[Opening DATA EXTRACT section]

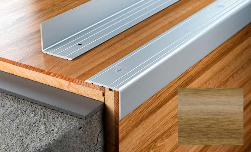 Сходовий профіль S02 з подовженою вертикальною частиною, краще захищає кути і маскує нерівності країв ступенів.
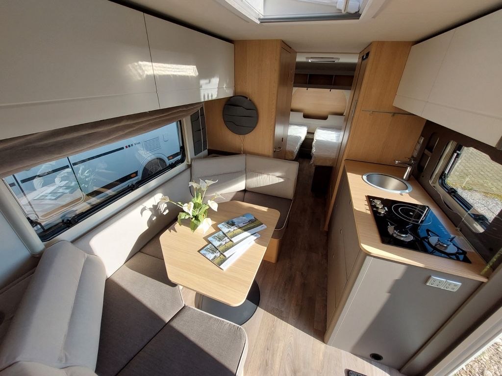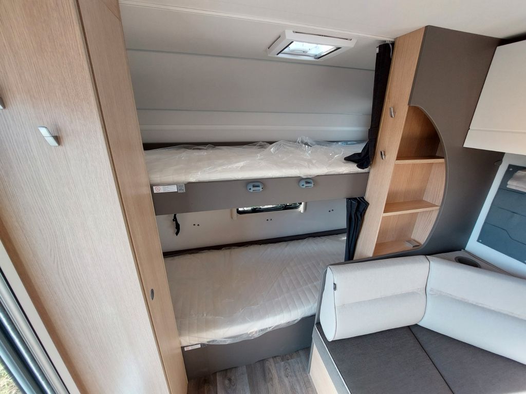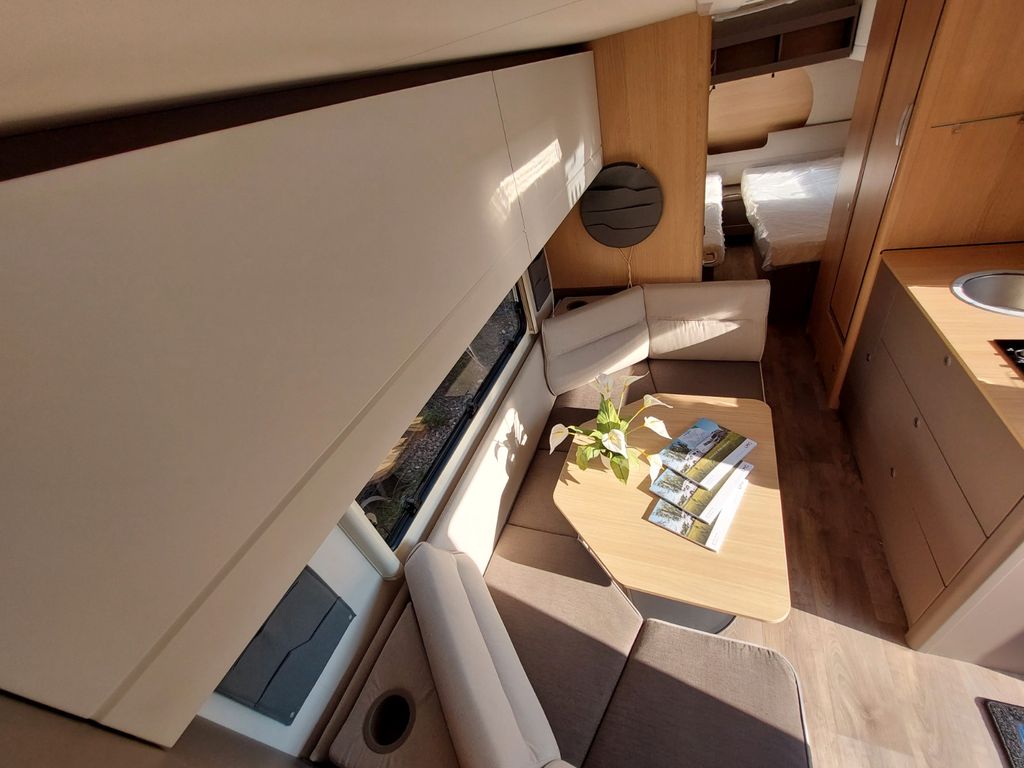 70 cm mit Fenster einteilig inkl. Abfalleimer, Rahmenfenster mit Combirollos, Rollbett, Dachverstärkung inkl. Vorbereitung Klimaanlage, Fliegenschutztür, Fliegenschutztür, Winterrückenbelüftung, Kombi-Kochfeld mit Induktion und Gas, Kühlschrank mit Frostfach, Heizung Umluft Combi 6 mit Bedienteil CP classic, Abwassertank 25 l rollbar, Frischwassertank 44 l mit Außeneinfüllstützen, Kassetten-Toilette, Vorbereitung TV-Platz uvm.
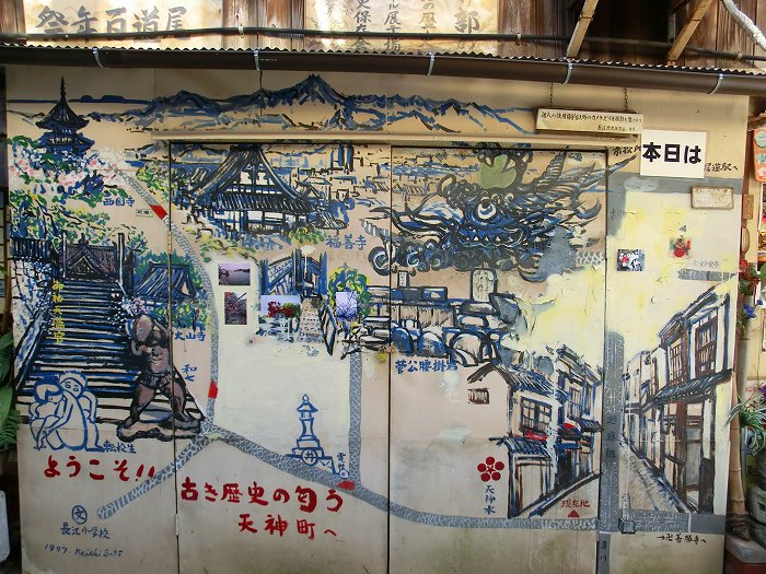 県道を渡ると、石畳の道に「ようこそ!! 古き歴史の匂う 天神町へ」の壁画が迎えてくれる。
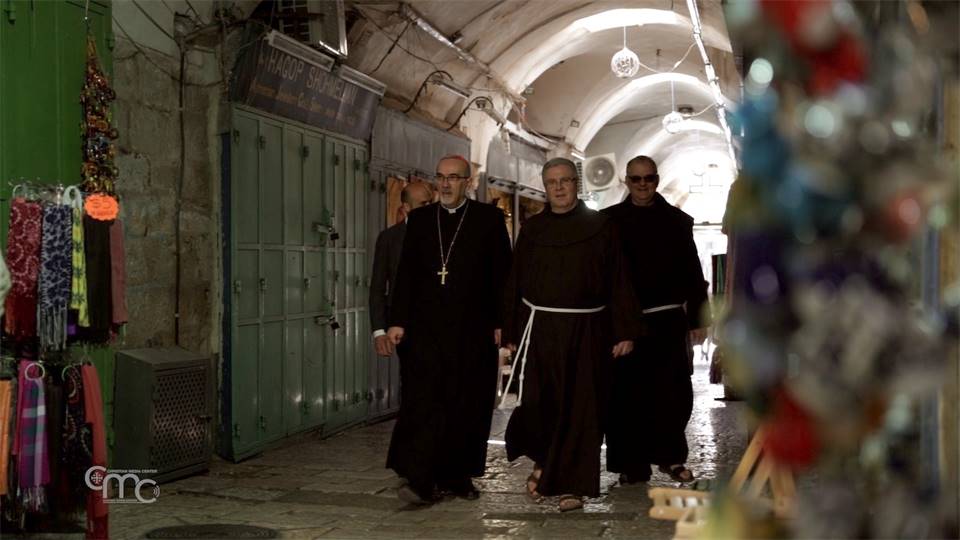 Het is een heldere, rustige zaterdagochtend in Jeruzalem. In de Basiliek van het Heilig Graf herneemt het komen en gaan van de pelgrims, terwijl het land zich eindelijk openstelt voor de hoop op vrede. Twee sleutelfiguren van deze Kerk in het Midden-Oosten, met name de Custode van het Heilig Land en de Latijnse Patriarch van Jeruzalem, worden door de bewaarder van het Heilig Graf vergezeld en kijken naar de deur van de basiliek. Deze werd door iemand beschadigd en dient dringend te worden hersteld. Beiden kwamen hier deze morgen bijeen zoals ze dat elke dag midden hun gelovigen doen. Samen hebben ze iets belangrijks aan de Kerk en aan de wereld te zeggen.

[Closing DATA EXTRACT section]

**EXERCISE OBJECTIVE**: In the listing above, find the line with "70 cm mit Fenster" and output it and every line after it up to and including the line with "県道を渡ると、石畳の道に「ようこそ!! 古き歴史の匂う 天神町へ」の壁画が迎えてくれる。", exactly, minus the pictures.

**RESPONSE**:
 70 cm mit Fenster einteilig inkl. Abfalleimer, Rahmenfenster mit Combirollos, Rollbett, Dachverstärkung inkl. Vorbereitung Klimaanlage, Fliegenschutztür, Fliegenschutztür, Winterrückenbelüftung, Kombi-Kochfeld mit Induktion und Gas, Kühlschrank mit Frostfach, Heizung Umluft Combi 6 mit Bedienteil CP classic, Abwassertank 25 l rollbar, Frischwassertank 44 l mit Außeneinfüllstützen, Kassetten-Toilette, Vorbereitung TV-Platz uvm.
 県道を渡ると、石畳の道に「ようこそ!! 古き歴史の匂う 天神町へ」の壁画が迎えてくれる。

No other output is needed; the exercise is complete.